En outre, il était déterminant pour nous que le thème musical apparaissant en quelques versions et sous forme de leitmotiv, tout en participant à la structure rythmique du film, puisse être perçu comme élément composant du climat du film, élément intervenant selon une certaine logique interne pour appuyer le sens, souligner de manière variée les idées maîtresses du film.
Réponse à certains besoins précis, exigée par la situation, la musique du film s’est donc imposée comme nécessité organique. Commentaire personnel d’un musicien.

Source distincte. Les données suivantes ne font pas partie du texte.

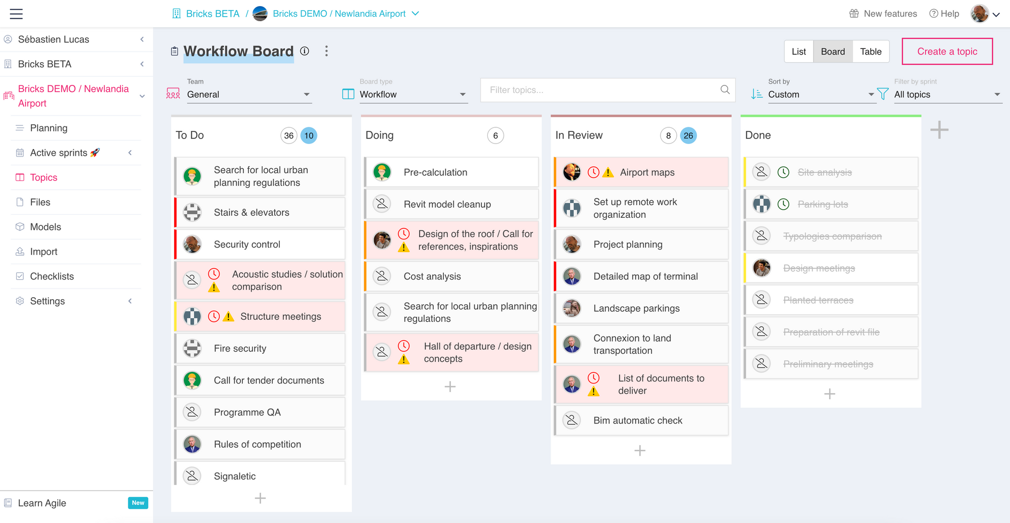 With Bricks you can manage the tasks visually, share files and 3D models in IFC format (BIM) and give feedbacks in the 3D viewer directly.

Occasion et conséquence d’un échange fructueux avec un compositeur cherchant à dépasser les recettes traditionnelles de la musique au cinéma.
Nous étions une histoire
avec des zooms d’espérance
qui investissaient un futur incertain
Nous vivions du désir de l’inconnu
qui court vers sa propre mort
Il y a parfois des jeux d’adultes
qui piègent le désespoir
en le pointant du doigt
Jean Tessier
avril 84
Réalisateur, scénariste et caméraman, Jean Tessier est aussi producteur et membre fondateur de la coopérative de production Spirafilm. De plus, il enseigne le cinéma à l’Université Laval. Avec EN DERNIÈRES PAGES, il signe son premier long métrage.
* Cet article fait référence au film EN DERNIÈRES PAGES, documentaire de long métrage, 16mm noir et blanc, réalisé par Jean Tessier et produit par Spirafilm.